### EXERCISE GOAL
Write the data out again exactly, dropping any images it holds.

SOURCE MATERIAL Start Marker

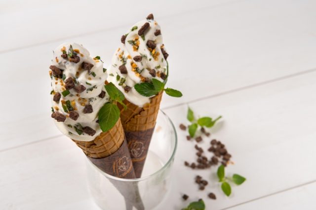 ミルクチョコチャンクやフレッシュミントがトッピングされた涼しげなソフトクリームを楽しめる。
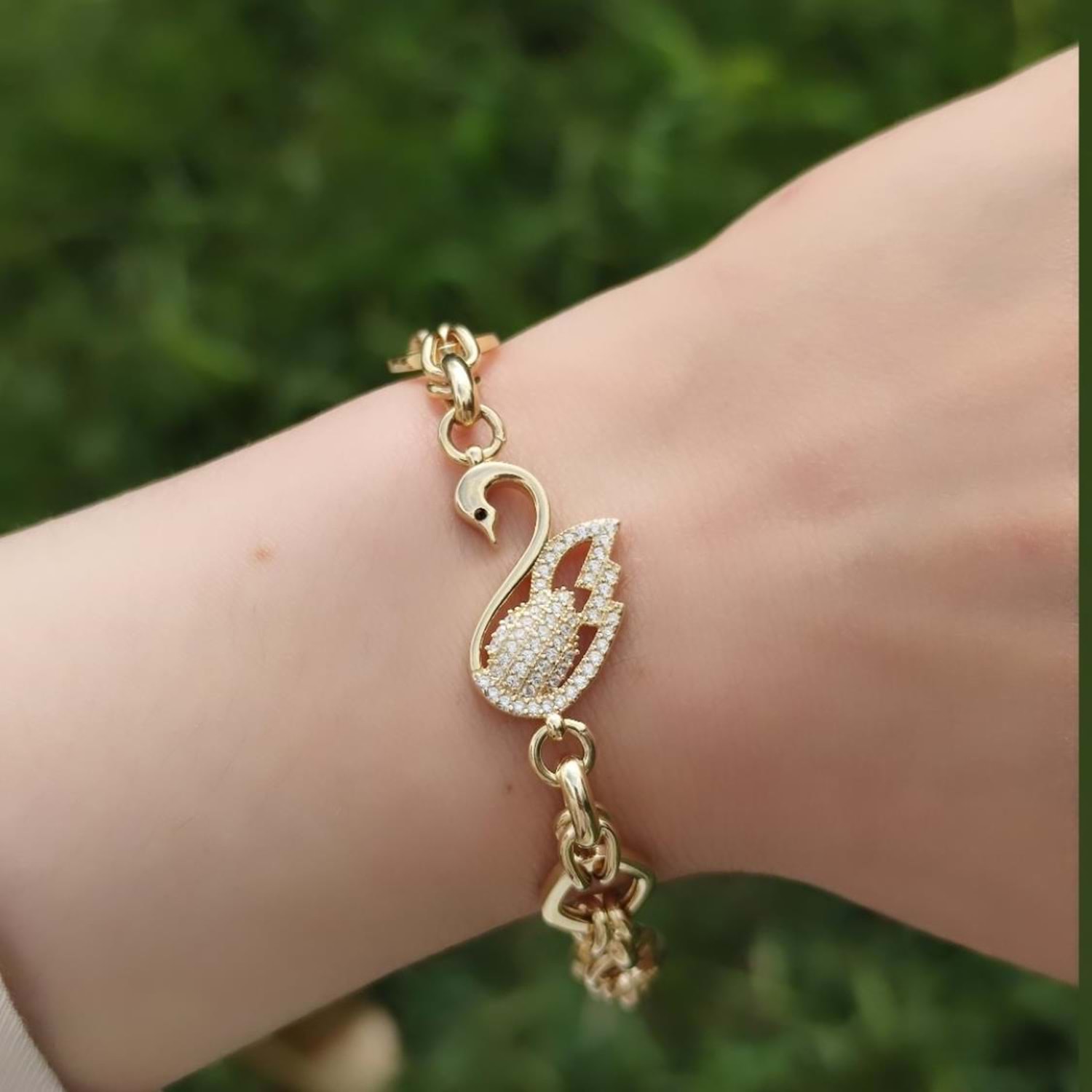 925 AYAR GÜMÜŞ ZİRKON TAŞLI KUĞU GÜMÜŞ HALLOW BİLEKLİK ORT GRAM : 10,80 GR UZUNLUK : 20 CM KİMYASAL ÜRÜNLERLE TEMASINDAN KAÇINILMALIDIR.
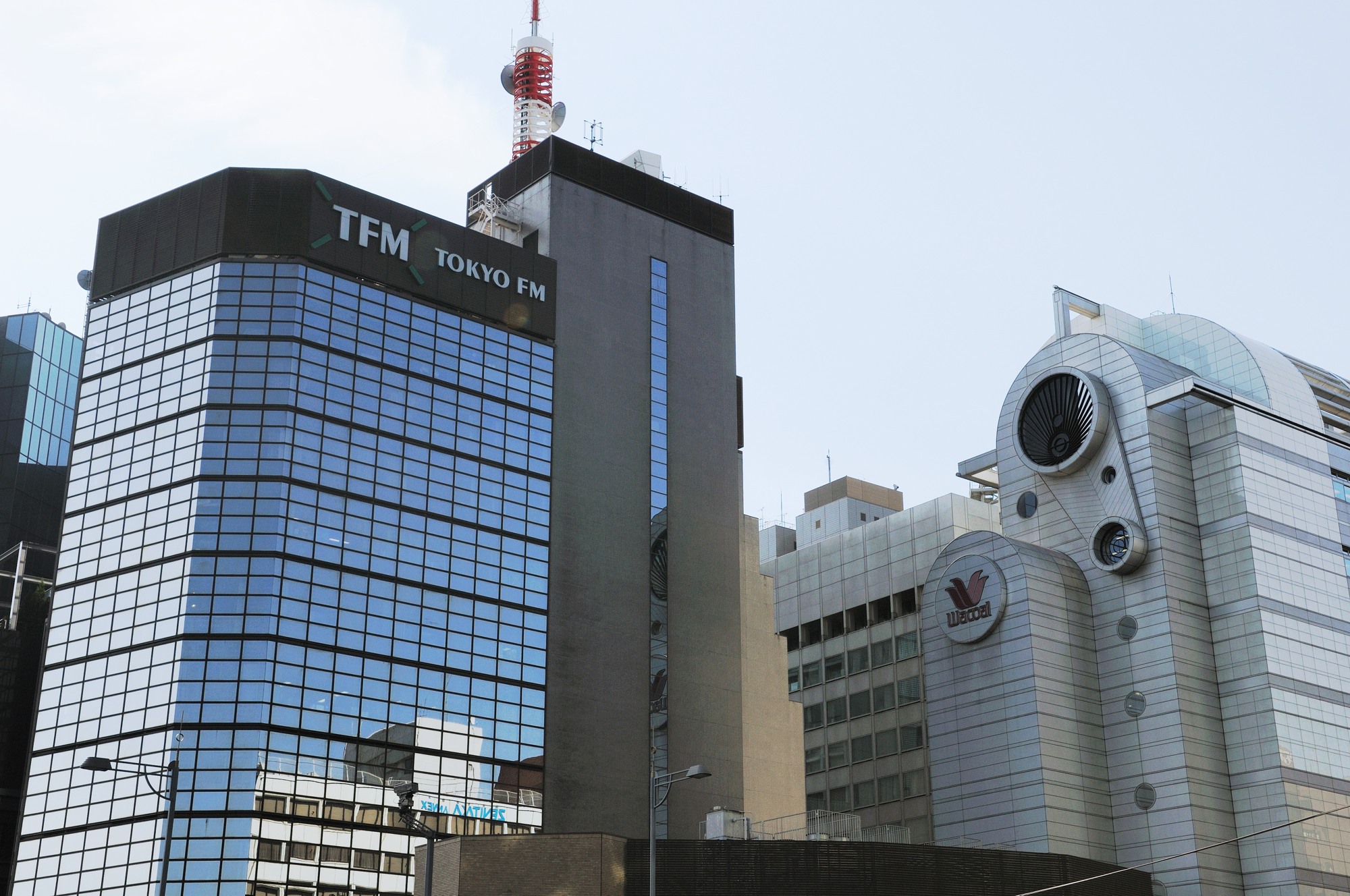 再び歩き出すと,ほどなく半蔵門です。ここの交叉点には,東京FMと並び,面白い形のワコール麹町ビルがあります。これは昭和59年に,建築家黒川紀章によるデザインで,ビル側面の歯車とベルトの形がとても目を引きます。

SOURCE MATERIAL End Marker

### RESPONSE
 ミルクチョコチャンクやフレッシュミントがトッピングされた涼しげなソフトクリームを楽しめる。
 925 AYAR GÜMÜŞ ZİRKON TAŞLI KUĞU GÜMÜŞ HALLOW BİLEKLİK ORT GRAM : 10,80 GR UZUNLUK : 20 CM KİMYASAL ÜRÜNLERLE TEMASINDAN KAÇINILMALIDIR.
 再び歩き出すと,ほどなく半蔵門です。ここの交叉点には,東京FMと並び,面白い形のワコール麹町ビルがあります。これは昭和59年に,建築家黒川紀章によるデザインで,ビル側面の歯車とベルトの形がとても目を引きます。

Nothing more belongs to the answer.